The complete pipeline from document ingestion to retrieval:
1. **Document Ingestion** — Download from GitHub repositories or upload custom files (.rst, .py, .html, .cpp, .md)
2. **Format Conversion** — Automatic conversion to unified Markdown format
3. **Sliding Window Chunking** — Fixed-size segmentation with configurable overlap (default: 800 chars, 150 overlap)
4. **Vector Embedding** — nomic-embed-text model via Ollama API (768-dim vectors, 500-char truncation)
5. **Vector Storage** — ChromaDB with HNSW indexing and cosine similarity
6. **Query Retrieval** — Top-K search with distance filtering (threshold 1.5), deduplication, and context construction
### Chunking Strategy

The sliding window approach ensures contextual continuity across chunk boundaries. Key parameters:
| Parameter | Default | Range | Description |
|-----------|---------|-------|-------------|
| CHUNK_SIZE | 800 chars | 100-2000 | Characters per chunk |
| CHUNK_OVERLAP | 150 chars | N/A | Overlap between consecutive chunks |
| MIN_CHUNK | 50 chars | N/A | Minimum chunk length threshold |
## Requirements
- Python 3.10+
- [Ollama](https://ollama.ai/) running locally (default `http://localhost:11434`)

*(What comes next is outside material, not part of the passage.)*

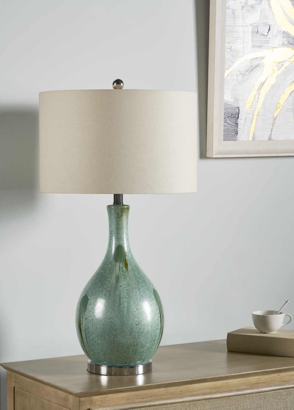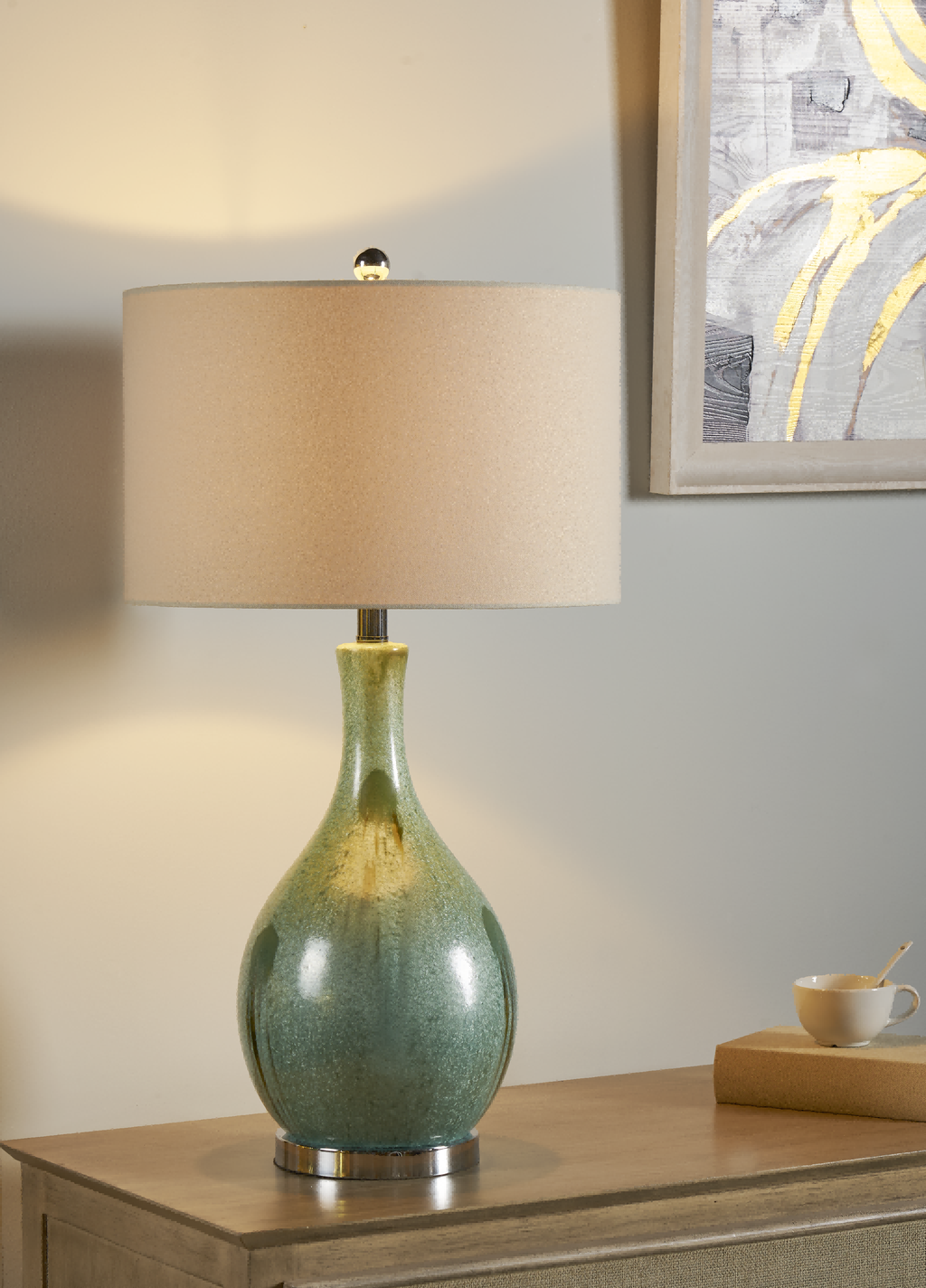 Material: Ceramic base with linen shade
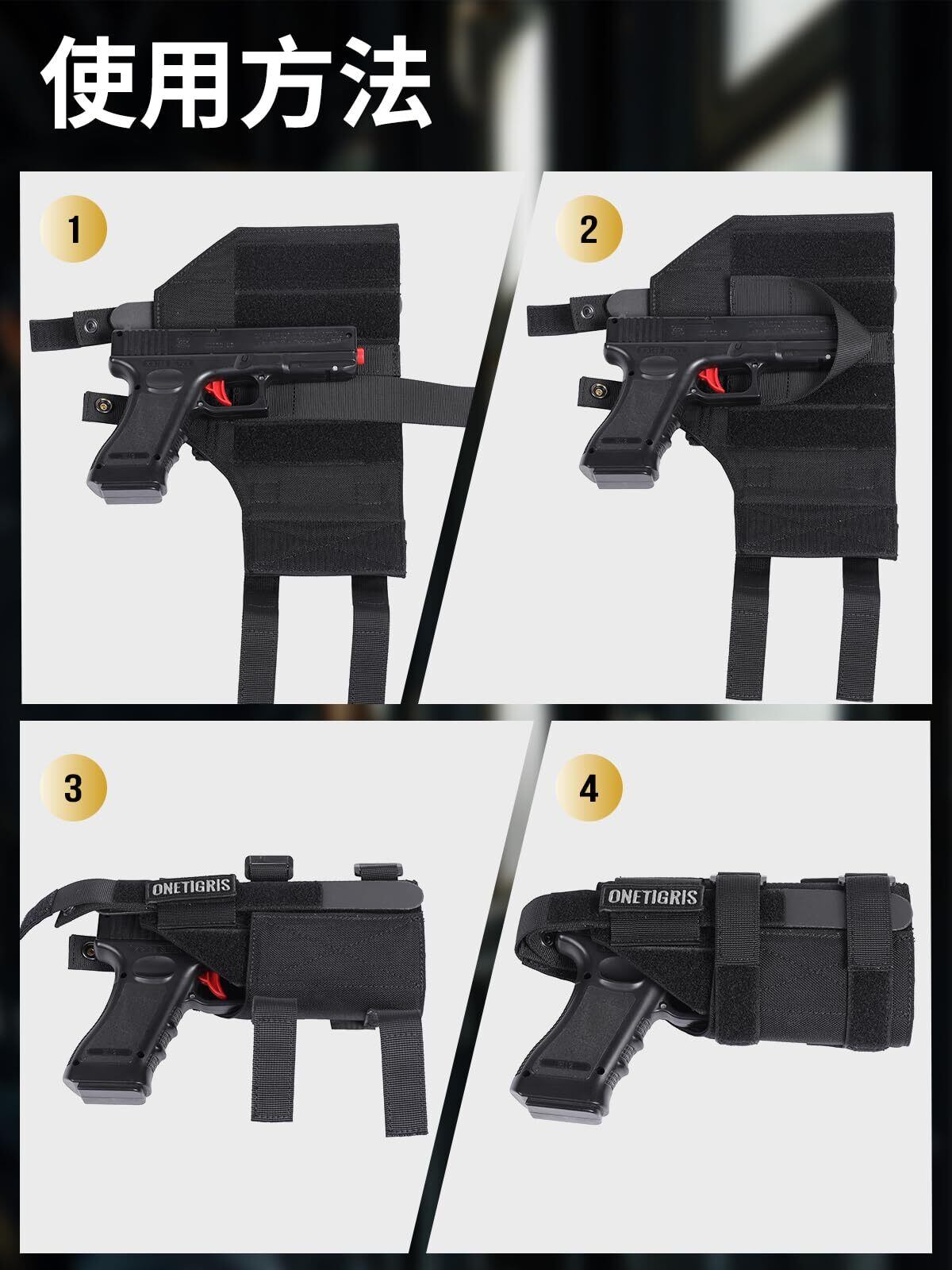 自由調節:2本のベロクロでハンドガンを固定でき、微調整できるのでほとんどの型に合わせやすい。

- Chat model (e.g. `ollama pull qwen3`)
- Embedding model (e.g. `ollama pull nomic-embed-text`)
## Installation
### Method 1: Install from PyPI (Recommended)
```bash
pip install gangdan
gangdan # Web GUI
gangdan cli # Interactive CLI
gangdan --port 8080 # Custom port
```
### Method 2: Install from Source
```bash
git clone https://github.com/cycleuser/GangDan.git
cd GangDan
pip install -e .
gangdan
```
Open [http://127.0.0.1:5000](http://127.0.0.1:5000) in your browser.
## Ollama Setup
```bash
ollama serve
ollama pull qwen3
ollama pull nomic-embed-text
```
## Project Structure
```
GangDan/
├── pyproject.toml
├── README.md / README_CN.md
├── gangdan/
│ ├── __init__.py / __main__.py
│ ├── cli.py / cli_app.py # CLI entry + REPL
│ ├── app.py # Flask backend
│ ├── learning_routes.py # Learning module blueprint
│ ├── preprint_routes.py # Preprint search + convert
│ ├── research_routes.py # Paper search
│ ├── kb_routes.py # Custom KB management
│ ├── export_routes.py # Export API
│ ├── core/ # Shared modules
│ │ ├── config.py # Config, i18n, translations
│ │ ├── ollama_client.py # Ollama API
│ │ ├── chroma_manager.py # ChromaDB
│ │ ├── vector_db.py # Multi-backend vector DB
│ │ ├── kb_manager.py # Custom KB CRUD
│ │ ├── conversation.py # Chat history
│ │ ├── doc_manager.py # Doc download/index
│ │ ├── wiki_builder.py # LLM wiki generation
│ │ ├── preprint_fetcher.py # Preprint search
│ │ ├── preprint_converter.py # HTML/TeX/PDF → MD
│ │ ├── pdf_converter.py # PDF → MD (marker/mineru/docling)
│ │ ├── export_manager.py # Batch convert/export
│ │ ├── web_searcher.py # Web search
│ │ └── ...
│ ├── templates/index.html # Main SPA template
│ └── static/{css,js}/ # Frontend assets
├── tests/ # Test suite
├── images/ # Screenshots
└── diagrams/ # Architecture diagrams (SVG)
```
## Configuration
All settings through the **Settings** tab: Ollama URL, chat/embedding/reranker models, proxy, context length, output language, vector DB type, LLM provider selection, and API keys.
## Testing
```bash
pip install pytest pytest-cov
pytest tests/ -v
pytest tests/ --cov=gangdan
```
## Academic Paper
For a detailed empirical study of the RAG pipeline and chunking strategies, see [Article.md](Article.md) / [Article_CN.md](Article_CN.md).
## License
GPL-3.0-or-later. See [LICENSE](LICENSE) for details.